As a defense, taxpayer claimed that the assessor misled her to believe that the property's post-damage valuation was still pending. Taxpayer contends that the misguidance should stop enforcement of the one year statute of limitation. *135
Taxpayer testified that she was orally misled by employees at the assessor's office on two separate occasions. The first occurred March 1997 when she sought clarification of the ambiguity contained in the Assessor's Recommendation. The second occurred in November when she spoke with Procter about her tax statement. The court finds such oral evidence insufficient to show "proof positive" that taxpayer had been misled.
Written materials however, are given greater weight than oral testimony. Here, the Assessor's Recommendation dated March 24, 1997, purportedly informed taxpayer of the assessor's final post-damage value determination.
The Assessor's Recommendation, as discussed above, was ambiguous. That form, like the one in Pilgrim Turkey Packers, Inc., although technically correct, was capable of producing more than one reasonable interpretation. One of those interpretations led taxpayer to believe that no final post-damage value determination had yet been made.
Taxpayer's 1997-98 tax statement inferentially indicated that she had not received any tax relief from the 96-97 flood. However, she had no reason to believe that the absence of such relief was not due to a pending post-damage value determination.
For those reasons, the court finds (1) the taxpayer has shown "proof positive" that the assessor misled her to believe that a final determination of her property's post-damage value was still pending; and (2) it was reasonable for taxpayer to rely upon those representations.
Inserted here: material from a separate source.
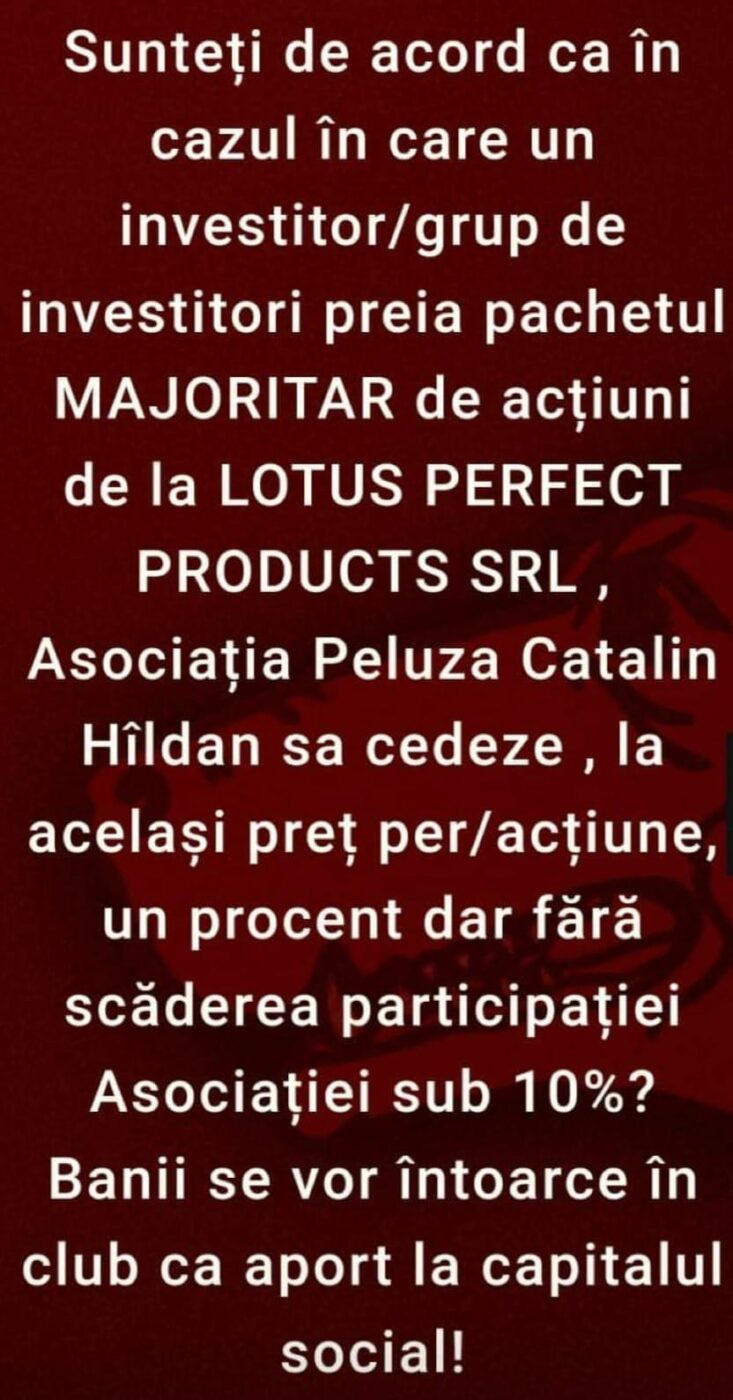„Sunteți de acord ca, în cazul în care un investitor/ grup de investitori preia pachetul majoritar de acțiuni de la LOTUS PERFECT PRODUCTS SRL, Asociația „Peluza Cătălin Hîldan” să cedeze, la același preț/acțiune, un procent, dar fără scăderea participației Asociației sub 10%? Banii se vor întoarce în club ca a port la capitalul social.”

The court will now turn to the issue of valuation. In determining what relief is due for act of God damage, the task is to determine the value of the property before and after the 96-97 flood. ORS
One of taxpayer's witnesses, Joseph Hutchinson, a construction manager for Ron Redding Construction, presented "ball park figures" of what it would cost to repair or replace many of the property's damages. Although he arrived at those figures in good faith, they were not helpful to the court. The estimate was based upon a visit he made to the property almost two years after the 96-97 flood. No distinction was made between costs to repair damages caused by the 96-97 flood and costs to repair damages present before that flood. That, coupled with evidence showing that taxpayer misrepresented construction company estimates leads this court to give little weight to that testimony.9
In contrast to taxpayer's evidence, Defendant's Exhibit H at 5 showed that following the 95-96 floods, a county assessor visited taxpayer's property and determined that the property's post-flood value was $25,000. Taxpayer never appealed that valuation. For the subsequent tax year, taxpayer's property was trended upward 10 percent on improvements and 14 percent on the land. Those factors were determined by evaluating properties similar to and in the same general vicinity as taxpayer's property. No testimony indicated whether or not flooded properties were used to arrive at those trending factors. However, without much evidence to rebut the values reached by the assessor, the court finds, based upon the preponderance of the evidence, that the value of taxpayer's property before the 96-97 flood was $28,300.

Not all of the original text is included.